The fact is that, as respondent Court of Tax Appeals has stressed, as early as July 15, 1960,
the Government already had in its hands the sum of P221,033.00 representing excess
payment. Having been paid and received by mistake, as petitioner Commissioner
subsequently acknowledged, that sum unquestionably belonged to ESSO, and the
Government had the obligation to return it to ESSO. That acknowledgment of the erroneous
payment came some four (4) years afterward in nowise negates or detracts from its actuality.

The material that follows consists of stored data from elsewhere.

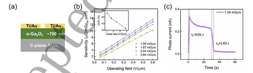 图 9 (a) α-Ga₂O₃ 薄膜探测器截面示意图;(b) α-Ga₂O₃ 薄膜灵敏度随外加电场的变化;(c) 1 V 偏压、1.09 mGyair s⁻¹ 剂量率下光电流脉冲的典型上升与下降动力学。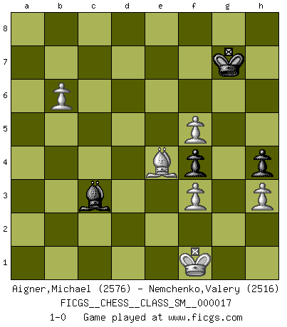 Last move : 1-0 2013 July 10 5:17:16 [Event "FICGS__CHESS__CLASS_SM__000017"] [Site "FICGS"] [Date "2012.07.31"] [Round "1"] [White "Aigner,Michael"] [Black "Nemchenko,Valery"] [Result "1-0"] [WhiteElo "2576"] [BlackElo "2516"] 1.d4 Nf6 2.c4 g6 3.Nc3 Bg7 4.e4 d6 5.Nf3 O-O 6.Be2 e5 7.O-O Nc6 8.d5 Ne7 9.Ne1 Nd7 10.Be3 f5 11.f3 f4 12.Bf2 g5 13.Nd3 Nf6 14.c5 Ng6 15.a4 h5 16.Nb5 g4 17.Qc2 Ne8 18.Kh1 a6 19.Na3 Qg5 20.cxd6 g3 21.dxc7 h4 22.h3 gxf2 23.Nc4 Rf6 24.Rxf2 Bf8 25.Qb3 b5 26.axb5 Nxc7 27.b6 Nb5 28.Bf1 Rb8 29.Rc1 Rf7 30.Rd2 Qf6 31.Qa2 Nd6 32.b3 Rg7 33.Rdc2 Bd7 34.Qxa6 Nc8 35.d6 Nxd6 36.Qa7 Qd8 37.Nxd6 Bxd6 38.b7 Kh7 39.Qa6 Qe7 40.Rc8 Bxh3 41.Rxb8 Bxb8 42.gxh3 Qxb7 43.Qe6 Ba7 44.Nxe5 Nxe5 45.Qxe5 Qb6 46.Qf5+ Qg6 47.Bc4 Qxf5 48.exf5 Bd4 49.Rd1 Bf6 50.b4 Rc7 51.Bd5 Rc2 52.Rg1 Rb2 53.Rg6 Rb1+ 54.Kg2 Bd4 55.Be4 Ra1 56.Rg4 Ra2+ 57.Kf1 Kh8 58.b5 Rd2 59.Rg6 Bc3 60.b6 Rd1+ 61.Kg2 Rd2+ 62.Kh1 Rd1+ 63.Kh2 Rd2+ 64.Rg2 Rxg2+ 65.Kxg2 Kg7 66.Kf1 1-0 Thibault de Vassal That's a very interesting game! King's Indian : Orthodox, Aronin-Taimanov variation (Yugoslav attack / Mar del Plata variation) Kingside Castling by player Black (move 5) Kingside Castling by player White (move 7) 10 pieces endgame at move 65 : White KBPPPP , Black KBPP WHITE : King + 1 Bishop 4 Pawns BLACK : King + 1 Bishop 2 Pawns Player White won this chess game. Follow this game move after move (download)After black's reply to 1.e4 with 1..e5, leaves him always trying to get into the game. (Howard Staunton) Das typische an einem Großmeister ist, daß er eine gewonnene Position schnell und schmerzlos gewinnt. (Irving Chernev) No es una movida, aún la mejor movida que tu debas buscar, sino un plan comprensible. (Eugene Znosko-Borovsky) Nous sommes les pions de la mystérieuse partie d'Echecs jouée par Dieu. Il nous déplace, nous arrête, nous pousse encore, puis nous lance un à un dans la boîte du Néant. Epitaphe sur la tombe de David Janowsky (1868-1927). But they are useless. They can only give you answers. (Pablo Picasso, about computers)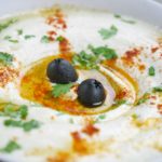 Now dish out hummus, make well with a spoon and drizzle olive oil and paprika. Add 1-2 black or green olive for garnish.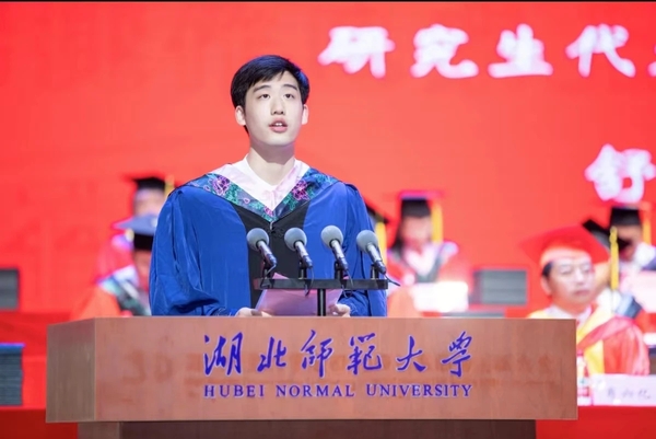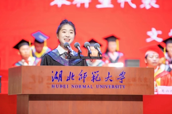 化学化工学院本科生文紫璇、文学院硕士研究生舒沛作为优秀毕业生代表依次发言。他们表达了对母校栽培的感恩之情,并表明会在今后的生活中以行动践行“自强不息,尚诚厚德”的湖师精神,继续书写丰富多彩的人生新篇章。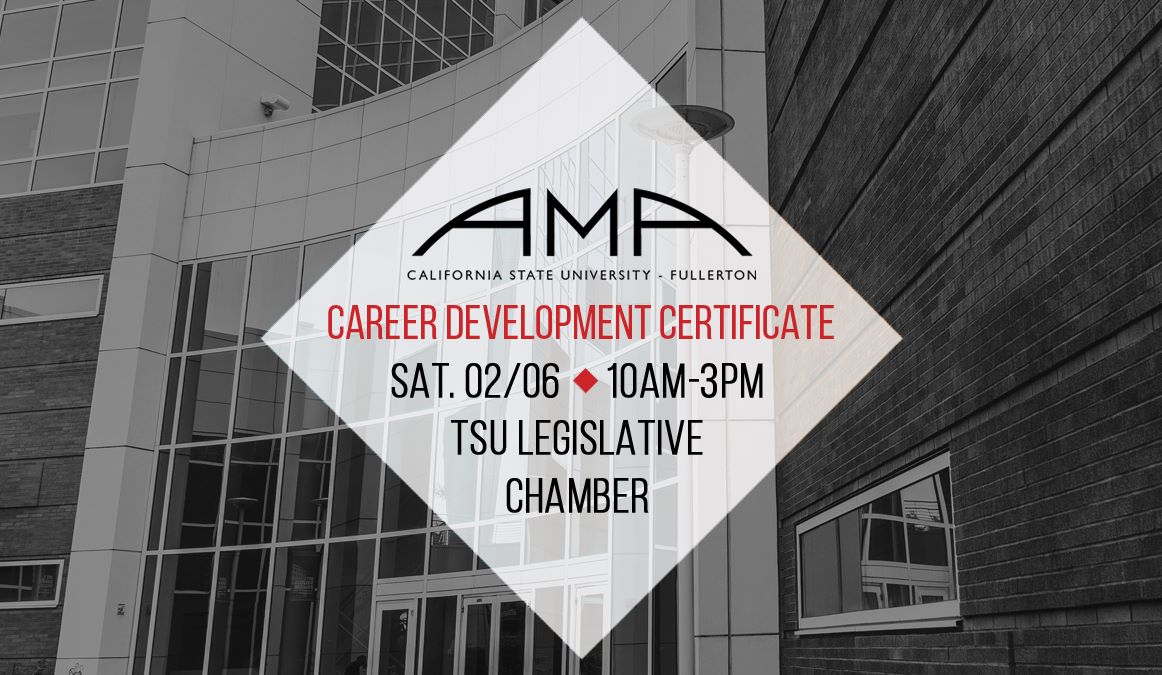 We know searching for that perfect internship or post-graduation job can be challenging and stressful. We also know that networking and career development are critical components for not only landing that dream job, but for long-term success. On, Saturday, Feberuary 6th, CSUF AMA is presenting the AMA Career Development Certificate Program to help you develop the skills and knowledge you need to market yourself in the best light.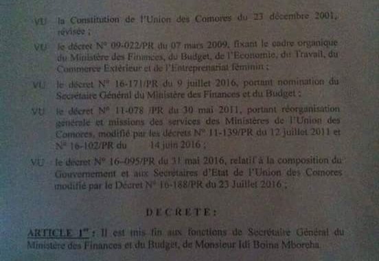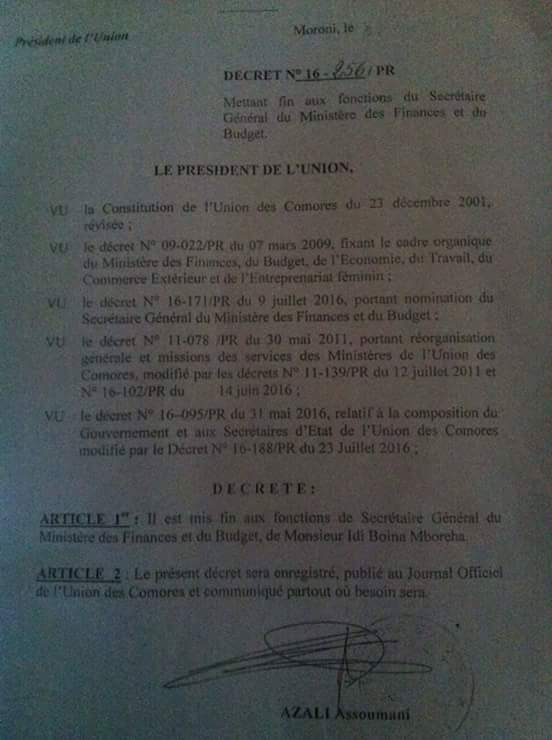 Le président Azali a licencié IDi BOINA, candidat malheureux de la CRC à Mbadjini.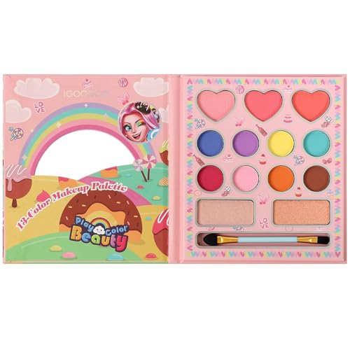 HISUNBEN Makeup Sets for Girls,13 Colors Children's Makeup Toys with Mirror,Non-Toxic Kids Cosmetics with 1 Washable Brushes, Stage Performance Halloween Birthday Party Beauty Set Gift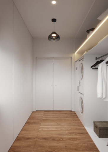 Особое внимание уделяется функциональности общих пространств: просторная кухня-гостиная с кухонным островом служит идеальным местом для семейного времяпрепровождения. Планировка включает несколько зон – гостевой санузел, постирочную и кладовую. Выход на террасу из гостиной создает дополнительное пространство для отдыха на свежем воздухе.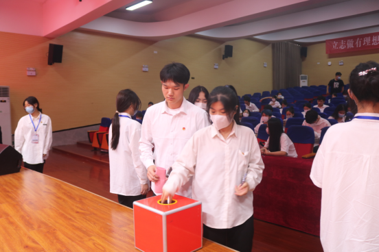 商务贸易学院第九次团员代表暨第十次学生代表大会正式会议第二次会议于当晚19:30召开,大会审议并通过了学院第八届团总支委员会工作报告,委员选举办法以及选举监票人、计票人名单。接下来,各团委委员、学生会委员候选人进行自我情况介绍。在听取了各位候选人精彩的竞职演讲后,与会代表对各位候选人以无记名投票的方式进行了民主选举。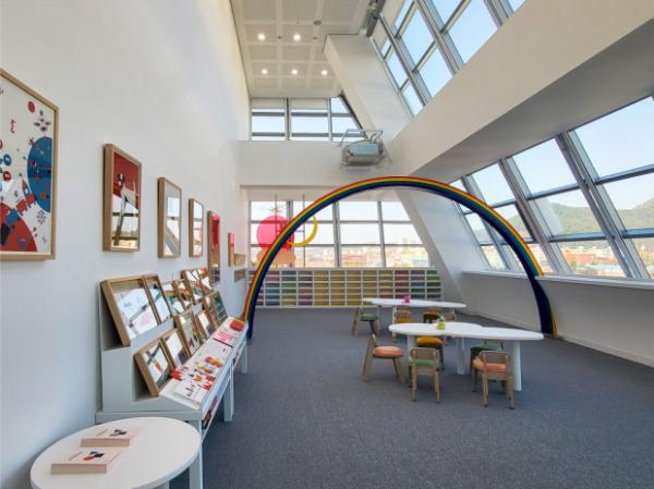 공간은 구름, 무지개, 해, 달, 별 등 동심에 어울리는 실내장식과 아치형 천장 구조물을 활용해 설계했다.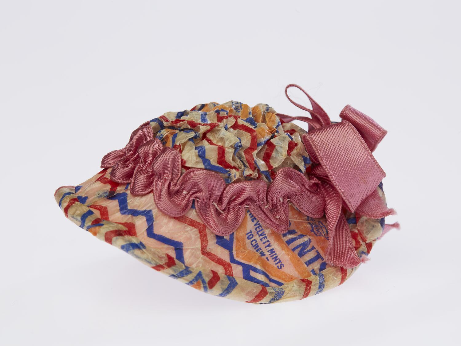 Doll size bonnet made from wire and ribbon frame covered with Max Mints confectionary wrappers. Hat has brim upturned at one end. Pink ribbon sewn into tight wavy undulations around band. Ribbon in bows also on either side of upturned brim. Crown of hat stitched into ruffles and pleats. Hat hand sewn and constructed.

The obligation to return money mistakenly paid arises from the moment that payment is made,
and not from the time that the payee admits the obligation to reimburse. The obligation of the
payee to reimburse an amount paid to him results from the mistake, not from the payee's
confession of the mistake or recognition of the obligation to reimburse. In other words, since
the amount of P221,033.00 belonging to ESSO was already in the hands of the Government
as of July, 1960, although the latter hand not right whatever to the amount and indeed was
bound to return it to ESSO, it was neither legally nor logically possible for ESSO thereafter to
be considered a debtor of the Government in that amount of P221,033.00; and whatever other
obligation ESSO might subsequently incur in favor of the Government would have to be
reduced by that sum, in respect of which no interest could be charged. To interpret the words
of the statute in such a manner as to subvert these truisms simply can not and should not be
countenanced. "Nothing is better settled than that courts are not to give words a meaning
which would lead to absurd or unreasonable consequences. That is a principle that goes back
to In re Allen (2 Phil. 630) decided on October 29, 1903, where it was held that a literal
interpretation is to be rejected if it would be unjust or lead to absurd results." 6 "Statutes
should receive a sensible construction, suck as will give effect to the legislative intention and
so as to avoid an unjust or absurd conclusion." 7
WHEREFORE, the petition for review is DENIED, and the Decision of the Court of Tax
Appeals dated October 28, 1967 subject of the petition is AFFIRMED, without pronouncement
as to costs.
Cruz, Gancayco, Griño-Aquino and Medialdea, JJ ., concur.